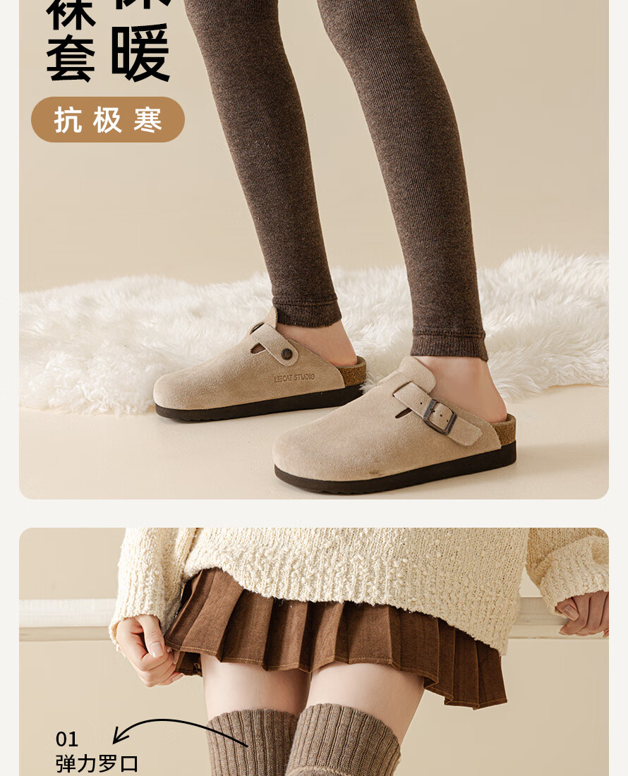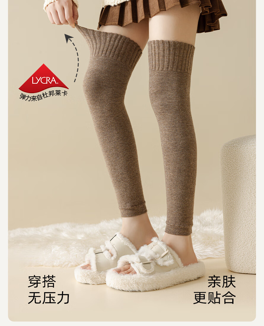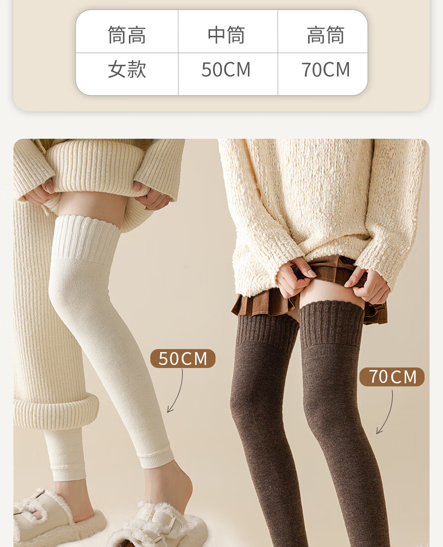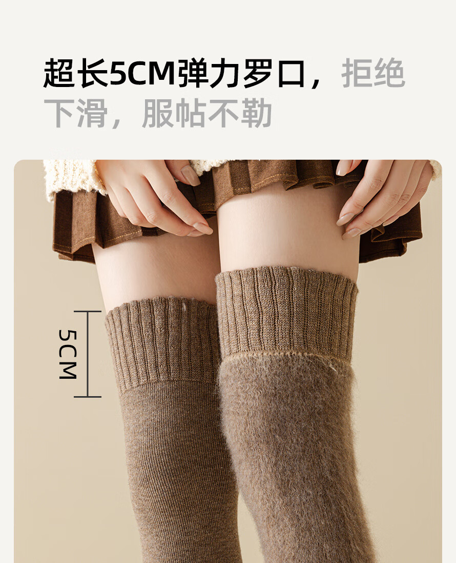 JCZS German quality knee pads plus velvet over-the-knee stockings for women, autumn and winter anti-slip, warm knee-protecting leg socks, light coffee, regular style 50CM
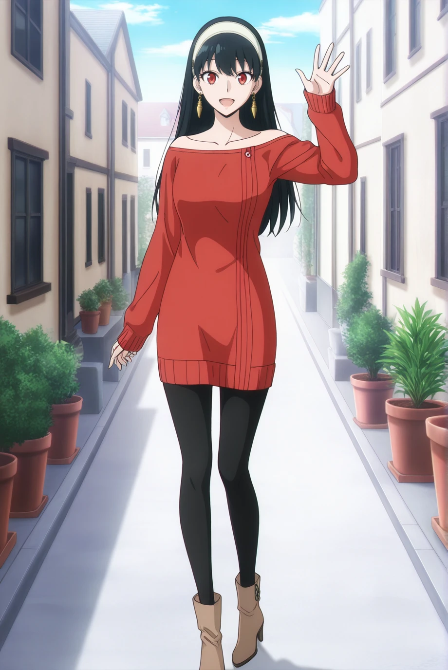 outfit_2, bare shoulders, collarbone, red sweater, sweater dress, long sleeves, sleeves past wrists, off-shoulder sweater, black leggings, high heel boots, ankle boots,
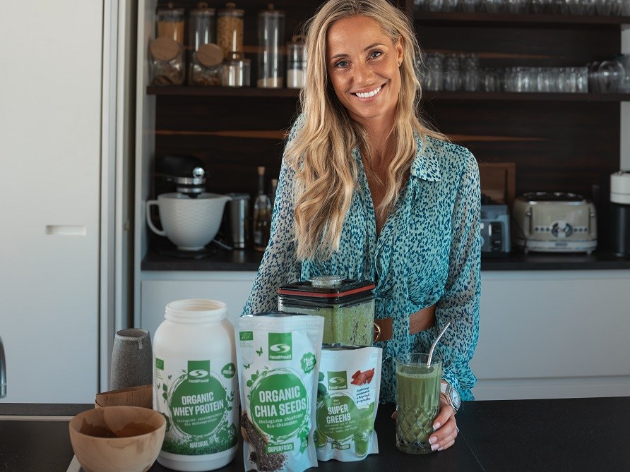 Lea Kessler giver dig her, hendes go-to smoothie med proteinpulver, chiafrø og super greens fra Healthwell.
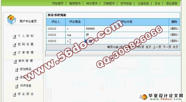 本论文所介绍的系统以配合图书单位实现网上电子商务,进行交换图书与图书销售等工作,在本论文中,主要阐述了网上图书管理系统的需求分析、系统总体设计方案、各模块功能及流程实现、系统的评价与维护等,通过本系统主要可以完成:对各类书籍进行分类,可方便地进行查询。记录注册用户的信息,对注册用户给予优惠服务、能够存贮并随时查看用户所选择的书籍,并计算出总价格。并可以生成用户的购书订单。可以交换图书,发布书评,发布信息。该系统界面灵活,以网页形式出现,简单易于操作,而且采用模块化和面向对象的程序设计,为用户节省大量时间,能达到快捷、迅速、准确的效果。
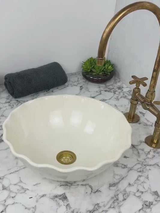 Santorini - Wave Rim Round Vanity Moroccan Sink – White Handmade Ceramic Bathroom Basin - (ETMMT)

===

> WORK INSTRUCTION
Write out the lines from the start of the material to the line with "Lea Kessler giver", inclusive and exactly. Skip the pictures.

> RESULT OF THIS TASK
 JCZS German quality knee pads plus velvet over-the-knee stockings for women, autumn and winter anti-slip, warm knee-protecting leg socks, light coffee, regular style 50CM
 outfit_2, bare shoulders, collarbone, red sweater, sweater dress, long sleeves, sleeves past wrists, off-shoulder sweater, black leggings, high heel boots, ankle boots,
 Lea Kessler giver dig her, hendes go-to smoothie med proteinpulver, chiafrø og super greens fra Healthwell.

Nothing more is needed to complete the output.